Directions for this task: For this exercise, retype the lines from the one that holds "La Mesa Directiva" through the one that holds "The primary sections" in the records below, both included, exactly and without pictures.

Data for the task:
______________________________
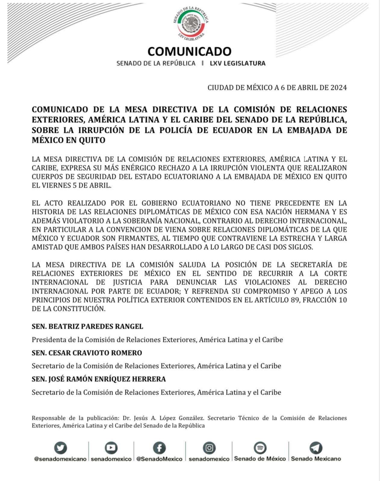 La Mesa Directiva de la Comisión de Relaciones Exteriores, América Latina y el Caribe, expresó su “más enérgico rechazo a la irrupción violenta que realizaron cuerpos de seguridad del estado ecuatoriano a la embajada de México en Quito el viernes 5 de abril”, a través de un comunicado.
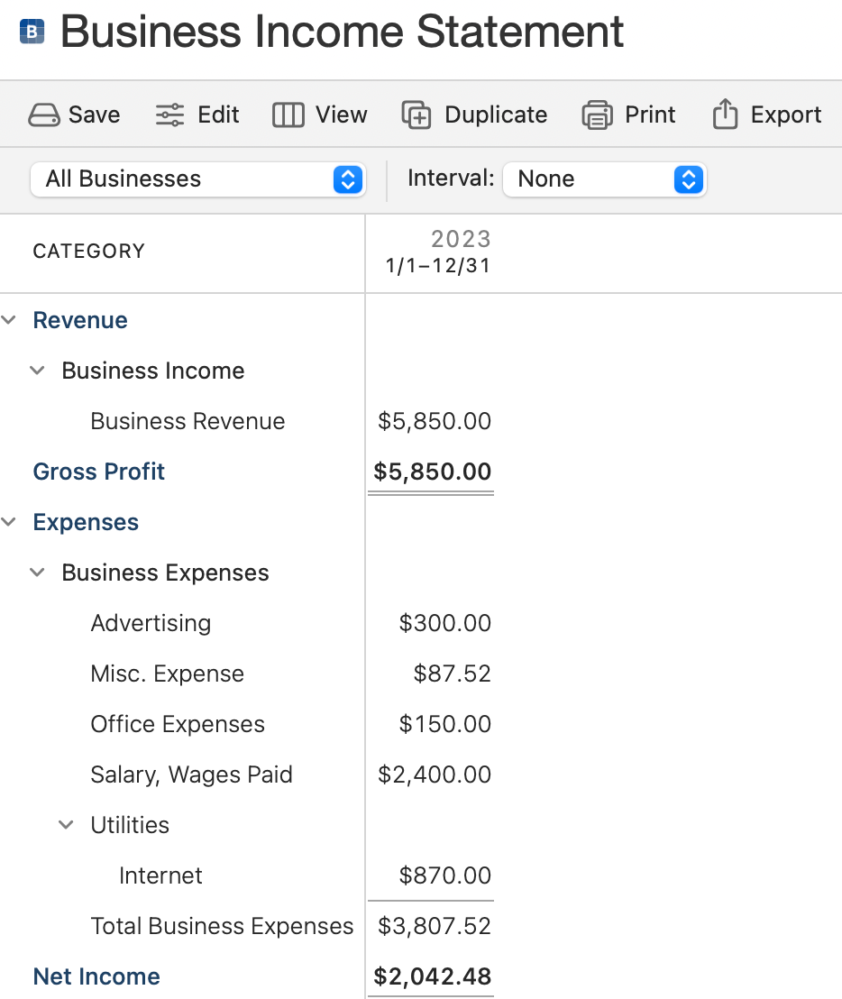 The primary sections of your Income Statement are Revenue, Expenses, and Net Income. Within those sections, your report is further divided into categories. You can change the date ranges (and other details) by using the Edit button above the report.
______________________________
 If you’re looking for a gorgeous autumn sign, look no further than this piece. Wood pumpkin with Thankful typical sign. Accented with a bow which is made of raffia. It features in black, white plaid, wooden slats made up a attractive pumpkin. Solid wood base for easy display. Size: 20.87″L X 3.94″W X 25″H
______________________________
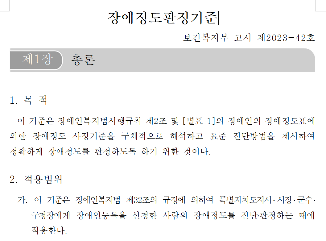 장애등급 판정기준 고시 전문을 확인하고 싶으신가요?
______________________________
Result below:
 La Mesa Directiva de la Comisión de Relaciones Exteriores, América Latina y el Caribe, expresó su “más enérgico rechazo a la irrupción violenta que realizaron cuerpos de seguridad del estado ecuatoriano a la embajada de México en Quito el viernes 5 de abril”, a través de un comunicado.
 The primary sections of your Income Statement are Revenue, Expenses, and Net Income. Within those sections, your report is further divided into categories. You can change the date ranges (and other details) by using the Edit button above the report.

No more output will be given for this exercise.